Joe Regalia Profile picture
Jul 18 9 tweets 4 min read
With a slew of #SCOTUS opinions comes lots of great #legalwriting examples!

In Justice Kagan's Wooden v. U.S. opinion, let's break down three simple tools we can all use:

1. TLDR Intros
2. Simple Sentences
3. Trendy Transitions

1/x
TLDR Intros (quick intros that dish the key points in a document) are now common with judges and lawyers alike.

How do the greats craft them?

1. Give readers context - why is this dispute here?
2. Insert choice details to prime
3. Highlight your legal pitch
In a paragraph, Justice Kagan orients you to the situation and highlights several charged facts:

(1) that the defendant faces a hefty 15-year sentence,

(2) that the lower court is piling on 20 years after the fact, and

(3) this was a single facility on a single evening.
She also includes her key legal pitch: It's absurd to base a statutory trigger on distinct moments in time rather than a common-sense understanding of a single event.
Great legal writers spoon-feed ideas to readers - using sentences that tend toward the simple. Many of the best sentences are so simple all they need is a period.

When great writers get more complex and pack more groups of words (and ideas) into a sentence, they have a reason.
The first sentence is a simple clause.

The second sentence offers two simple, related ideas.

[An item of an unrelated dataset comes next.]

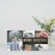 Customisez cette carte photo de Noël moderne et design, simple et horizontale, conçue avec un texte en faux or Joyeux Noël en noir et un collage de cinq photos. Veuillez noter que l'or est imprimé couleur et n'est pas une feuille d'or réelle. Remplacez les images modèles par vos photos préférées et modifiez toutes les informations du modèle. Pour de meilleurs résultats, utilisez des images haute résolution. Crédit Modèle photo : Photographie © Storytree Studios, Stanford, CA
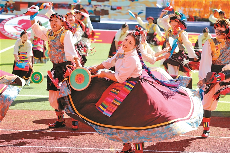 开幕式上的群众游行方队。记者 平措朗加 温凯 摄

The third sentence is again only two groups of words and a simple structure (a phrase with some context to set the scene for the officer's visit)...
The fourth sentence is another simple single-clause sentence. And then when we finally get a few groups of words in the fifth sentence, it's crafted complexity. A narrative sentence meant to convey unfolding events and a scene.
Finally, the greats often do two things with transitions.

First, transition by adding helpful guides to your sentences - don't just insert empty transitions like "furthermore" that tell readers "another point is coming."
Second, vary your transition phrases throughout your document so that readers don't notice them. And vary also by echoing words or concepts from the prior sentence (instead of always relying only on transition phrases).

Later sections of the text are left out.